While the new National Physician Payment Transparency Program, established as part of the Patient Protection and Affordable Care Act (ACA), puts the onus for payment tracking on industry, dermatologists would be wise to track payments they receive from pharmaceutical companies, as their reputation could be at stake.

On Feb. 1, the Centers for Medicare and Medicaid Services (CMS) announced a final rule for what was previously known as the Sunshine Act, designed to create greater transparency around the financial relationships between drug and device manufacturers and certain health care providers, namely physicians and teaching hospitals. Specifically, manufacturers of drugs, devices, biologics, and medical supplies covered by Medicare, Medicaid, or the Children’s Health Insurance Program will be required to report to CMS any payments or other transfers of value they make to such providers. Manufacturers and group purchasing organizations must also disclose physician ownership or investment interests. In turn, CMS will post this information on a public website beginning in September 2014. Those who do not comply can face penalties upwards of one million dollars. 

COI spurs legislation

“It’s largely about strengthening transparency with regard to physician and industry relationships,” noted Richard Martin, JD, assistant director for regulatory policy at the American Academy of Dermatology Association (AADA). “It will likely deter physicians from accepting large payments from industry. Those who do will be seen as outliers and perceived negatively.” [pagebreak]
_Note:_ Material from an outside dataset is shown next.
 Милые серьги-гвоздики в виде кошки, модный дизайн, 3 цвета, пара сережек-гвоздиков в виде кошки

This legislation was prompted by several high profile reports of physicians being paid large sums of money by companies where conflict of interest (COI) appeared to affect the physicians’ judgment, noted William James, MD, former AAD president. “Our patients and Congress felt transparency was needed,” he said.

As part of the ACA, the Sunshine Act is the federal government’s attempt to show it is concerned about health care issues such as cost and access, added Stephen Webster, MD, chair of the AAD’s Ethics Committee. The government wants to assure patients that there won’t be a COI for physicians who serve as consultants for pharmaceutical companies or device manufacturers. “However, the vast majority of physicians do what is best for their patients and do not think about their own income or benefits,” he said.
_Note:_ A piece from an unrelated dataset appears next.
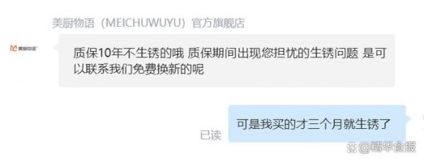 京东“年货节”期间,本人与商家客服联系时,商家客服一开始还信誓旦旦称:质保10年不生锈的哦”。
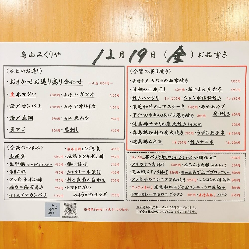1品メニュー2025-12-24皆さまメリークリスマス!

Dr. Webster is quick to point out that these concerns date back to the 1700s, prompting English physician Thomas Percival to write a treatise on medical ethics in 1803. Society has granted medicine, as a profession, the authority to be autonomous and self-regulating. As such, it is responsible for enforcing medical ethics. Medical specialty societies, including the AAD, have addressed these issues under the umbrella of professionalism. To that end, the Council of Medical Specialty Societies drafted the Code for Interactions with Companies in April 2010. The AAD was among the first societies to adopt the Code, which is designed to ensure that interactions with companies are independent and transparent, and advance medical care for the benefit of patients and populations. The AAD’s Board of Directors saw the value of the Code to patients and signed it, said Dr. James, who was president at the time. Since then, the Academy has updated this Code as well as its Code of Medical Ethics for Dermatologists. “The dermatology community will continue to emphasize doing the right thing because it’s our responsibility to patients to improve the science of medicine,” Dr. Webster added. [pagebreak]

Payments rendered

Typical scenarios in which physicians receive “payments” from industry include consultation, lectures, research, education, honoraria, gifts, entertainment, food and beverages (could be sales-related), travel and lodging, charitable contributions, royalties/licenses, current or prospective ownership or investment interest, grants and compensation for serving as faculty or a speaker for an unaccredited and non-certified continuing education (CME) program (or an accredited or certified CME program under certain circumstances), and grants.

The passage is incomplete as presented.